Do I need VM or Laptop Admin Rights to use PnP.PowerShell in a Migration?

March 18, 2023 By pH7x Systems

Well this is a good question, the answer is NO

If your SharePoint Administrator grant you the Tenant Permissions.

Because You need to run this cmdlet with an identity that has write access to the Azure AD. You are not creating a new application in the sense of something that runs in your Azure AD tenant. You’re only adding a registration to your Azure AD, a so called ‘consent’ for people in your tenant to use that application. The access rights the application requires are delegate only, so you will always have to provide credentials or another way of identifying the user actually using that application.

Setting up Access Tenant Admins

You have, as always, to understand the Governance of the Corporation.

In our previsions WBBrags we see some scenarios about SharePoint Migrations, click in the Categories Brown Bag

If you have administrative permission to use use the PNP.PowerShell on your Machine, these are the steps. But remember, Administrative Permissions is you are authorized to use it in a Virtual Machine or Laptop, you don’t want to break any rules of your corporation.

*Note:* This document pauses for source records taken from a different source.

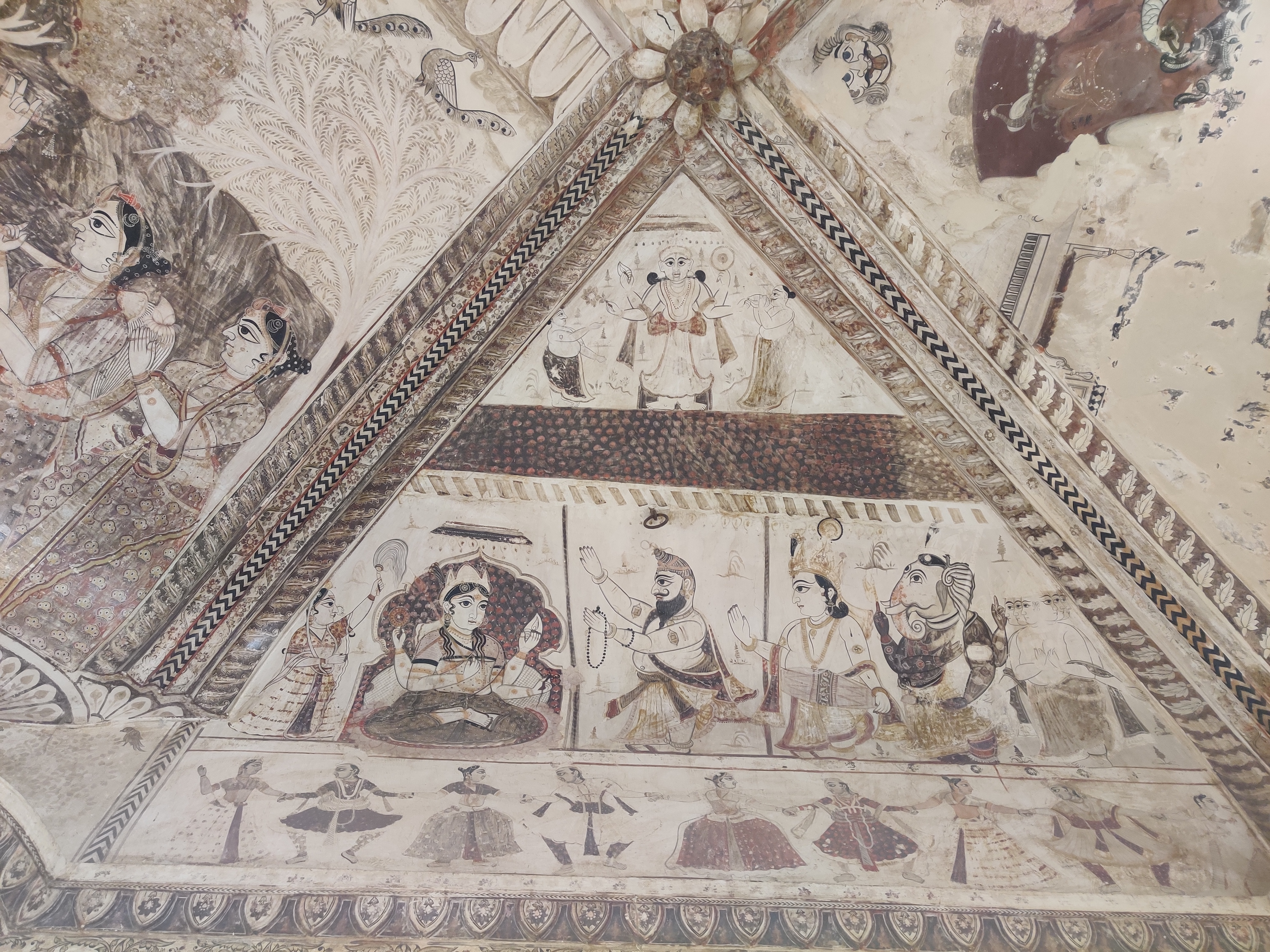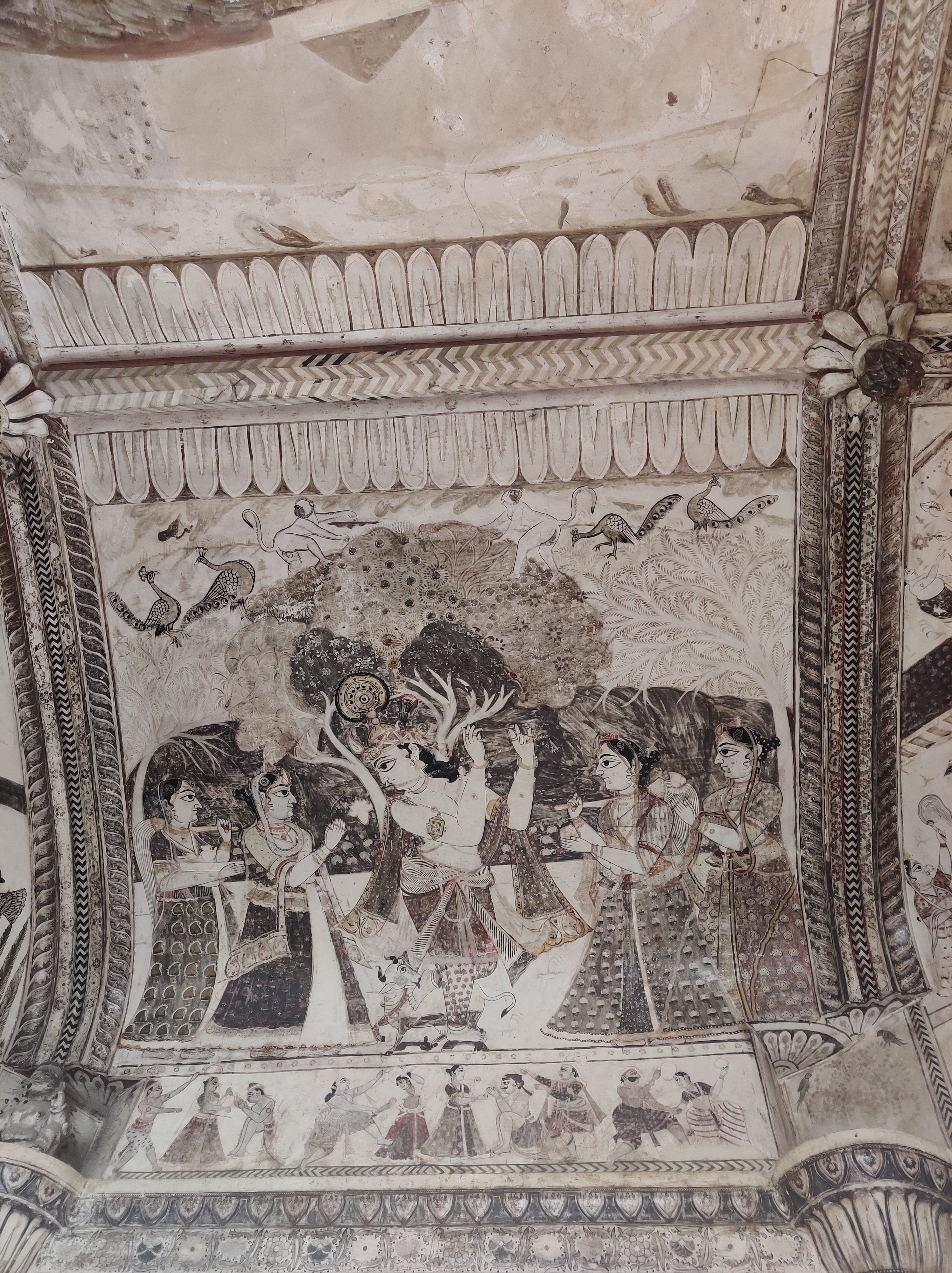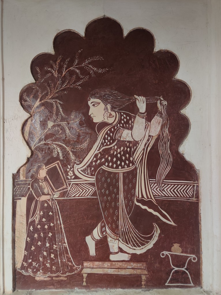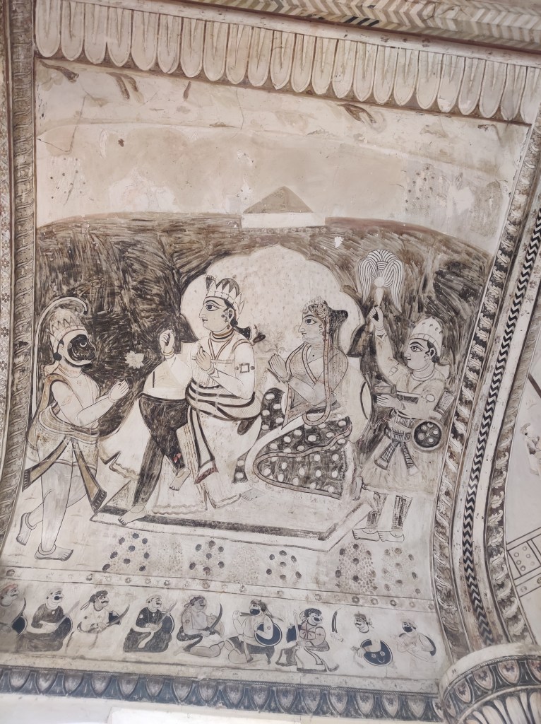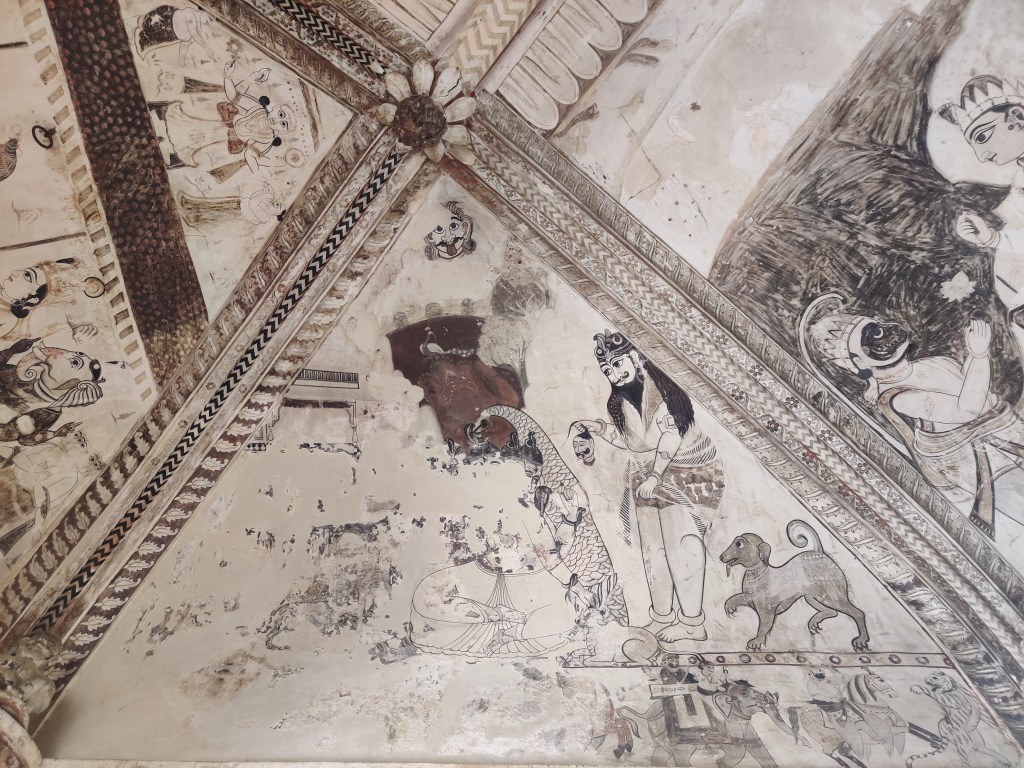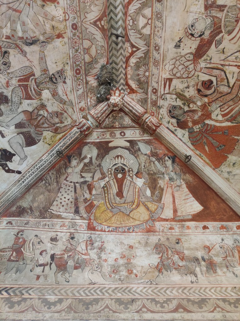 If the exterior itself feels surreal for a temple, you will forget all that once you set your foot across the threshold. The walls are covered with the traditional Bundeli wall paintings, that are still used as inspiration for designing sarees. In Bundelkhand region, painting is usually done by a caste of professional painters called Chiteras. Mud plaster base composed of red clay and cow dung mixture is used, over which linear patterns are etched with fingers, in a process called as ‘Lipai’.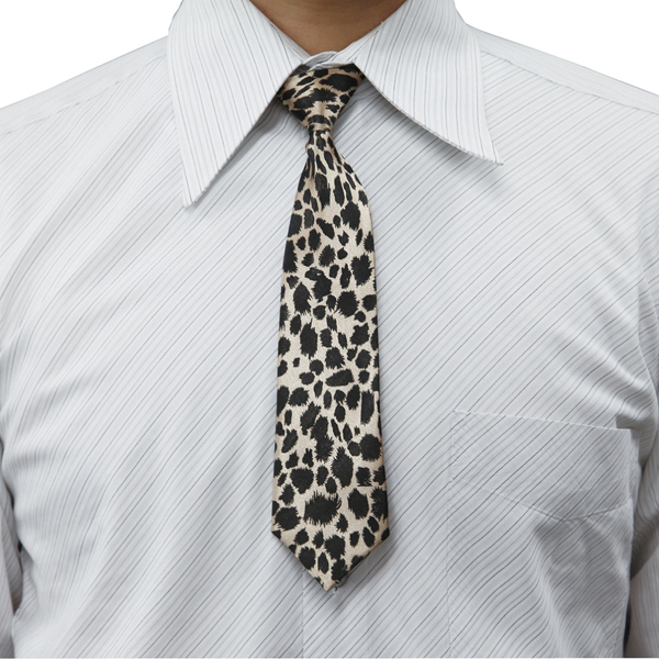 ちょい悪系を目指す貴方に、小物でレオパード柄のネクタイはいかがですか?全長はおよそ25.4cm、大剣幅は6.6cmで、派手なデザインではありますが、光沢感のある生地と黒1色の斑点が、どこか落ち着いた印象を与えるサイズ調整可能なネクタイ。ホックベルトで調節することで、首周りの太い方でも細い方でも身に着けていただけます♪パンク系ファッションに用いてもオシャレなアクセントになりそうですが、男性ならダークカラーのお洋服と合わせればちょい悪オヤジ感を出すこともできそうですね。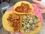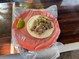 午前11時、時間通りピックアップしていただき、まずは豚肉を引き裂いたカニータスタコス屋さんへ向かいました。朝タコスで人気のお店という事で、大きな鍋にいっぱいのお肉がなくなったところで閉店とのこと。なんと私達3人とガイドさんの4名分を注文したところで閉店となりました。辛いソース少々とライムをたっぷりかけていただきました。メキシコのタコスは初めてではありませんでしたが、塩加減も大変よく美味しくいただいました。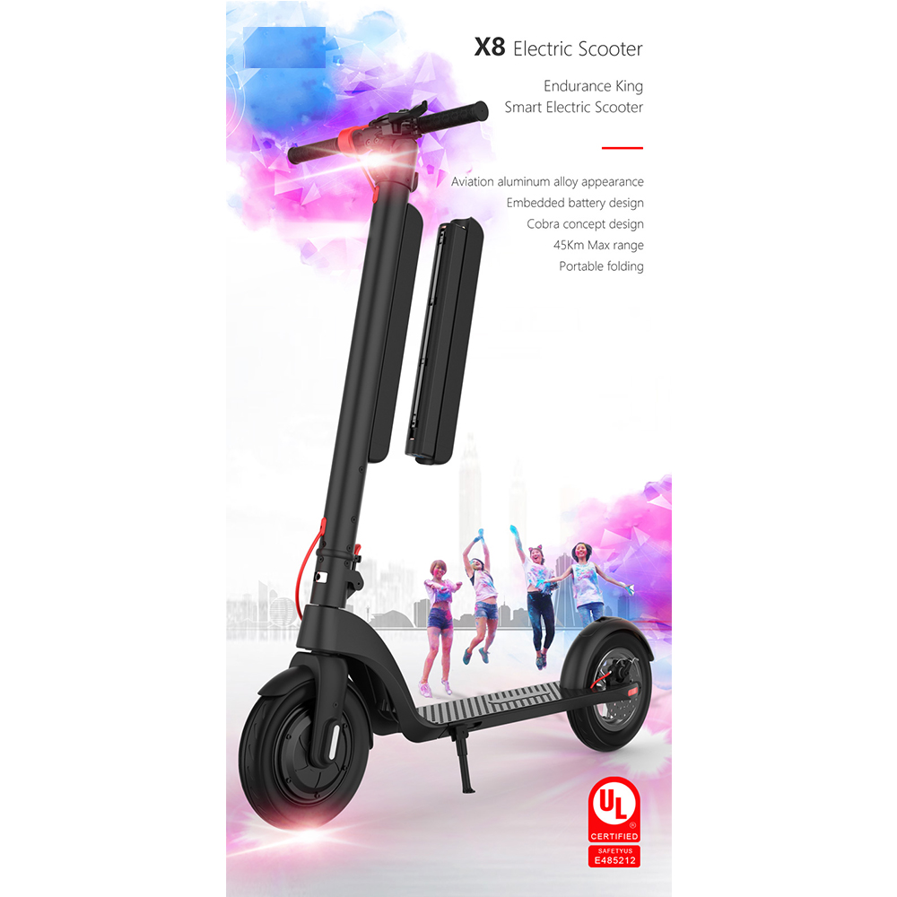 Xhy Electric Scooter for Adults 350W Motor with Bright Headlight and Taillight 10'' Solid Tire Foldable 27.9 Miles Range Motorized Scooters 5 Walking Speed Commuter Mopeds Black

First lets Manually download the .nupkg Package from the Microsoft 365 Patterns and Practices PowerShell Cmdlets

Once you get it, rename the File to ZIP and extract

Extract to a Well Know Folder Name, like C:\PS\, that’s because you want to use more than one version

C:\PS\1.12.0
C:\PS\1.6.0

The Next Step is understanding what Remote Signing Options the Governance allow you to run the CMDLETS

Get-ExecutionPolicy -List

In this case the LocalMachine is allowed, so you only have to import the PSD1 File, see Import-Module

Now Let’s import all the commands, this means you have to import the PSD1 file, will give you all the stuff 🙂

Import-Module C:\PS\1.12.0\PnP.PowerShell.psd1
Connect-PnPOnline -Url "https:/tenant.sharepoint.com"

On the other hand, if you only have Unrestricted for the CurrentUser you are not able to run any CMDLET without explicit declare the Execution Policy

Set-ExecutionPolicy -Scope CurrentUser RemoteSigned -Force
Import-Module C:\PS\1.12.0\PnP.PowerShell.psd1
Connect-PnPOnline -Url "https:/tenant.sharepoint.com"

A final note is always validate with your Local CISO and the SharePoint Admin if you are allowed to do so, because in tight security companies you can be fired or if you are an Independent Contractor you may incur in illegal practices and legal clauses will soon be activated.